╔══

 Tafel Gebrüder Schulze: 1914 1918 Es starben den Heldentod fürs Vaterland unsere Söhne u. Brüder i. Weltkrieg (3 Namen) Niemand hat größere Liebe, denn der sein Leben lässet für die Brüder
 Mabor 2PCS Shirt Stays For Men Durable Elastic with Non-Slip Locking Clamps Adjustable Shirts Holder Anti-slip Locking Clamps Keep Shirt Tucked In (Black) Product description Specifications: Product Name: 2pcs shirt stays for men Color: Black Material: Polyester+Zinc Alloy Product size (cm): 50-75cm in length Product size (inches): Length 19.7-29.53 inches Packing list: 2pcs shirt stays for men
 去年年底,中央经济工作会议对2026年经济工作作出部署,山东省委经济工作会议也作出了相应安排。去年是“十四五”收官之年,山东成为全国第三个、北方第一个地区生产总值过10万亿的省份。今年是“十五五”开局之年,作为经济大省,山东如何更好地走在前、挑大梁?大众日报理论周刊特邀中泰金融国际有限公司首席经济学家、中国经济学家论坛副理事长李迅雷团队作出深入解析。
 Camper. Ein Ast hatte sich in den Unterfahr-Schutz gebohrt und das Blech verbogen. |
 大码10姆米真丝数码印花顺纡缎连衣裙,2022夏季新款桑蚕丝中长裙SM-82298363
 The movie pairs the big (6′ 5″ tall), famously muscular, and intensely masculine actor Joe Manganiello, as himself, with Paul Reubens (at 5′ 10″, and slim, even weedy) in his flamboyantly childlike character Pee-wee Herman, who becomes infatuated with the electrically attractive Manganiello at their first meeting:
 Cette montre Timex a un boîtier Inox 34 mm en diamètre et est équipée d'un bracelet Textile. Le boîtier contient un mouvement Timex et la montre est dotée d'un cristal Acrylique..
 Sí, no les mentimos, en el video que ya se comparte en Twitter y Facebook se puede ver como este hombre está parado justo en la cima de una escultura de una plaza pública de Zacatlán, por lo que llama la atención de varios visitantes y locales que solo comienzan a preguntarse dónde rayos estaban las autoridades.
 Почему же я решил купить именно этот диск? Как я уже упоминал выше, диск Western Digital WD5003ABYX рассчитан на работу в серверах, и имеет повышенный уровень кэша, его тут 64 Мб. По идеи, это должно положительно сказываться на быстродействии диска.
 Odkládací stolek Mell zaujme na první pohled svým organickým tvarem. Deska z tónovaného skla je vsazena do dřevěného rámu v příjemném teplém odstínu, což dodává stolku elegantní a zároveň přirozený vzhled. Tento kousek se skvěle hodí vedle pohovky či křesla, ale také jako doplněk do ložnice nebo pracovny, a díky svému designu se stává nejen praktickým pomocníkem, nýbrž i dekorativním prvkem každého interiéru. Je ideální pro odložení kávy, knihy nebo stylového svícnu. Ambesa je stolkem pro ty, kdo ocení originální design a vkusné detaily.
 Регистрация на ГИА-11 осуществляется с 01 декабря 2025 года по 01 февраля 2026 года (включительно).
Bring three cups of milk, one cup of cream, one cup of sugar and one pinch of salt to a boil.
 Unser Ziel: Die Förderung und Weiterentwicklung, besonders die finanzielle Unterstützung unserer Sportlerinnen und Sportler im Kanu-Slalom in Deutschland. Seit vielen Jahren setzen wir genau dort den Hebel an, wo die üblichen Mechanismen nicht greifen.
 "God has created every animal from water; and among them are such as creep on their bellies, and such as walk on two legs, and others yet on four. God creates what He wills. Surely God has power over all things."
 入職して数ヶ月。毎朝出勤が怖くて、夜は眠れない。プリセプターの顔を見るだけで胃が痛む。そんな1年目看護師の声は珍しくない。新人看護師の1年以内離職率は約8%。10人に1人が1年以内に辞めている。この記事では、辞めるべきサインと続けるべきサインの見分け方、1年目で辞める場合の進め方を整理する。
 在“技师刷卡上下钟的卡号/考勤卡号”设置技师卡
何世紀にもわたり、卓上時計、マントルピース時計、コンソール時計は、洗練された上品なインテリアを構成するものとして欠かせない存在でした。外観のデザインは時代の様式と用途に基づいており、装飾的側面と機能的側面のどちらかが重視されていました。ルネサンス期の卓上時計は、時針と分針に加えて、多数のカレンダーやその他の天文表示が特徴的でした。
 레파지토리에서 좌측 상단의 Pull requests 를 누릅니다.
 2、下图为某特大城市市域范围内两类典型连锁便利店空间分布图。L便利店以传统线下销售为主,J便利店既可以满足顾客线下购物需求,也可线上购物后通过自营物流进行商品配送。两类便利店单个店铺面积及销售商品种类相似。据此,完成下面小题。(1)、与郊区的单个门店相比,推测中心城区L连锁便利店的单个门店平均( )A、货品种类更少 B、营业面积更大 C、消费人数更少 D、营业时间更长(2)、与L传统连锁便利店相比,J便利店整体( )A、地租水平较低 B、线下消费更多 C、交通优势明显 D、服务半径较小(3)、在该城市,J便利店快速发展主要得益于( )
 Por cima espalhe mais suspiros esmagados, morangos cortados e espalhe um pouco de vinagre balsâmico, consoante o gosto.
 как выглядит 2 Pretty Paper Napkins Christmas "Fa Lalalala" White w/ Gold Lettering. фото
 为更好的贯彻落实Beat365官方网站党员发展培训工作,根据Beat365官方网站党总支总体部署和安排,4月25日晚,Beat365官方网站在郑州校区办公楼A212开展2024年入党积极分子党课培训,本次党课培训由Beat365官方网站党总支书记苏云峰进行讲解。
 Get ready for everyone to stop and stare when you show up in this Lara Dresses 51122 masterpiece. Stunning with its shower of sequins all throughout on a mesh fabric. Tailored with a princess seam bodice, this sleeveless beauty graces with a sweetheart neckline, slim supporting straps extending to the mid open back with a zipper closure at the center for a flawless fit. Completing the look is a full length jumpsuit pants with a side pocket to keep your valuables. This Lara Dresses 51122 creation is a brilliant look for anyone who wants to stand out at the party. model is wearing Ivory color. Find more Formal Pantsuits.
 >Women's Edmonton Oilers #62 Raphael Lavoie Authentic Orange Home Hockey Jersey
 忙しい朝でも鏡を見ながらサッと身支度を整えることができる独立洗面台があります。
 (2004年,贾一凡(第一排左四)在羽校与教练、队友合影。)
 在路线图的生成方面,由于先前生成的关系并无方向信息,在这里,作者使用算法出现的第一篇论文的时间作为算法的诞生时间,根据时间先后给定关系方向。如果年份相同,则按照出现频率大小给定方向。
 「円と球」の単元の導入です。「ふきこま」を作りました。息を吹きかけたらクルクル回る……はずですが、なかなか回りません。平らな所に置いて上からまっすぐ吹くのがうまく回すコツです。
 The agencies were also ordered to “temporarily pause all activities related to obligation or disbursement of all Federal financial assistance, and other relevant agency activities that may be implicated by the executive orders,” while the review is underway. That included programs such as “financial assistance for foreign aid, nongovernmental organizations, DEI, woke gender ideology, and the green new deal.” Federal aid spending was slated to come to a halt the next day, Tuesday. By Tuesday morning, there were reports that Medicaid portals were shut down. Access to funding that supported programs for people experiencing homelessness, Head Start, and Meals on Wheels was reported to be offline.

╚══

**Problem statement:** Reproduce every line from the listing above that holds the word "cima".

**Task output:**
 Sí, no les mentimos, en el video que ya se comparte en Twitter y Facebook se puede ver como este hombre está parado justo en la cima de una escultura de una plaza pública de Zacatlán, por lo que llama la atención de varios visitantes y locales que solo comienzan a preguntarse dónde rayos estaban las autoridades.
 Por cima espalhe mais suspiros esmagados, morangos cortados e espalhe um pouco de vinagre balsâmico, consoante o gosto.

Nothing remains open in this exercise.